It is possible to fix this behavior by checking that the perturbation component is zero
before attempting to propagate derivative information, but this check can noticeably
decrease performance (~5%-10% on our benchmarks).
In order to preserve performance in the majority of use cases, ForwardDiff disables this
check by default. If your code is affected by this ``NaN`` behvaior, you can enable
ForwardDiff's ``NaN``-safe mode by setting ``NANSAFE_MODE_ENABLED`` to ``true`` in
ForwardDiff's source (this constant is located in ``src/ForwardDiff.jl`` in the
package's directory).
In the future, we plan on allowing users and downstream library authors to dynamically
enable ``NaN``-safe mode via the ``AbstractConfig`` API (see `the relevant issue
<https://github.com/JuliaDiff/ForwardDiff.jl/issues/181>`_).
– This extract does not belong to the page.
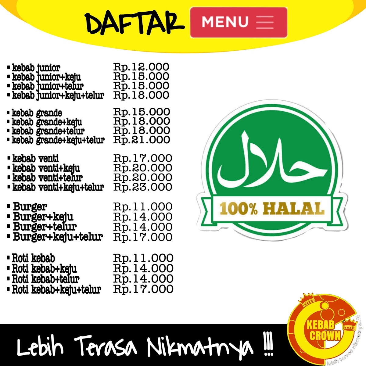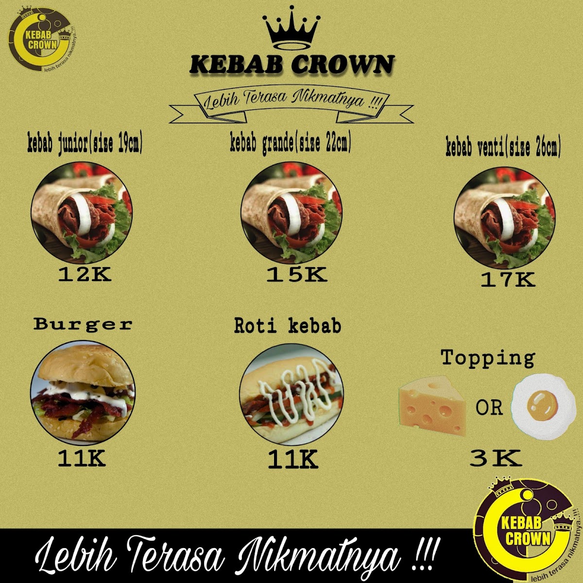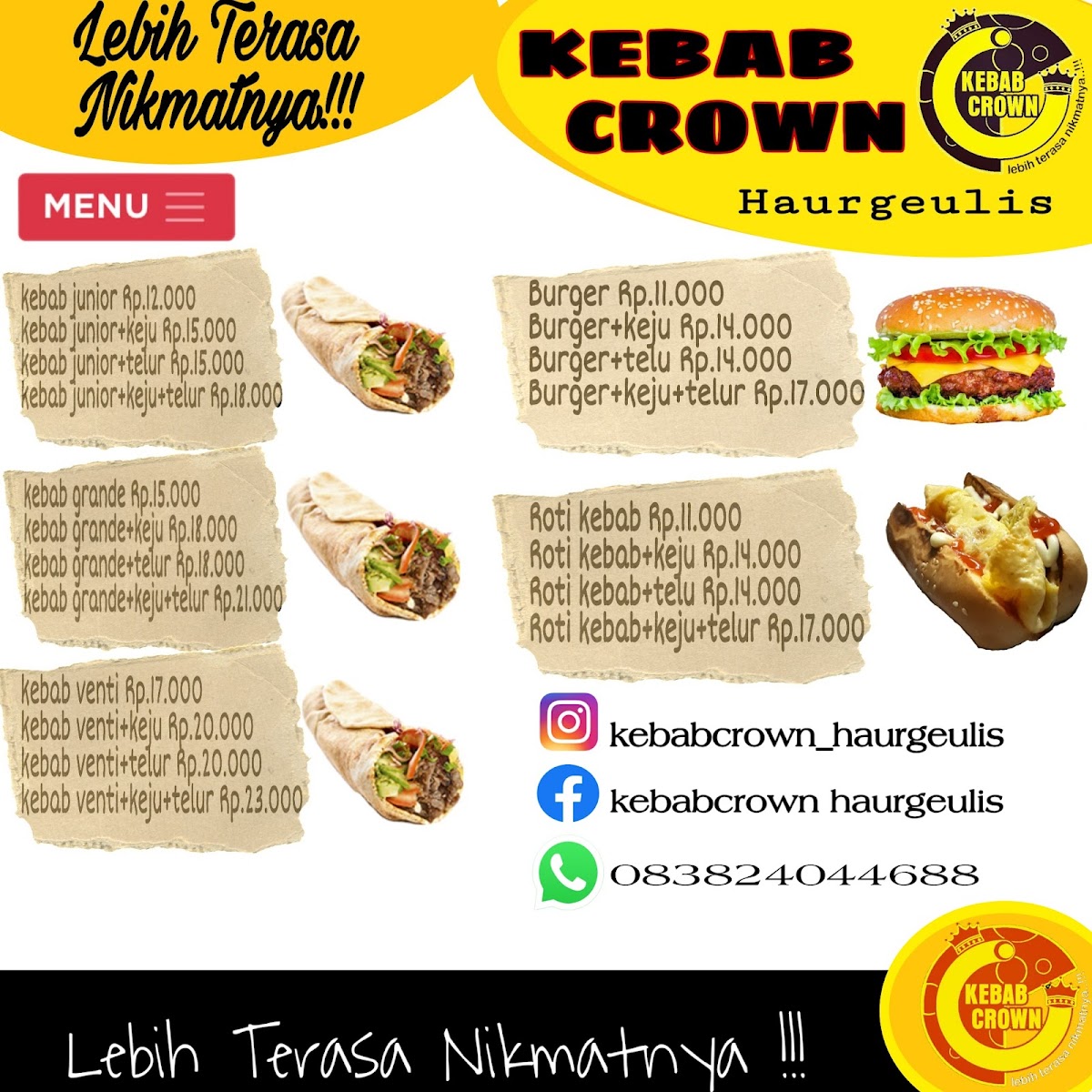 Kebab Crown Haurgeulis is a standout kebab shop located in the heart of Haurgeulis, Indramayu. This cozy spot brings fresh, flavorful kebabs that satisfy every craving. Their menu highlights include the Kebab Junior, a smaller kebab filled with tender meat, crisp lettuce, cucumber, and onions, dressed with customizable spicy sauce, mayonnaise, and tomato ketchup. For a heartier appetite, the Kebab Grande offers a larger portion, featuring smoked meat paired with the same fresh vegetables and sauces.

Hessian of a vector-valued function
-----------------------------------
While ForwardDiff does not have a built-in function for taking Hessians of vector-valued
functions, you can easily compose calls to ``ForwardDiff.jacobian`` to accomplish this.
For example:
.. code-block:: julia
julia> ForwardDiff.jacobian(x -> ForwardDiff.jacobian(sin, x), [1,2,3])
9×3 Array{Float64,2}:
-0.841471 0.0 0.0
-0.0 -0.0 -0.0
-0.0 -0.0 -0.0
0.0 0.0 0.0
-0.0 -0.909297 -0.0
-0.0 -0.0 -0.0
0.0 0.0 0.0
-0.0 -0.0 -0.0
-0.0 -0.0 -0.14112
Since this functionality is composed from ForwardDiff's existing API rather than built into
it, you're free to construct a ``vector_hessian`` function which suits your needs. For
example, if you require the shape of the output to be a tensor rather than a block matrix,
you can do so with a ``reshape`` (note that ``reshape`` does not copy data, so it's not an
expensive operation):
.. code-block:: julia
julia> function vector_hessian(f, x)
n = length(x)
out = ForwardDiff.jacobian(x -> ForwardDiff.jacobian(f, x), x)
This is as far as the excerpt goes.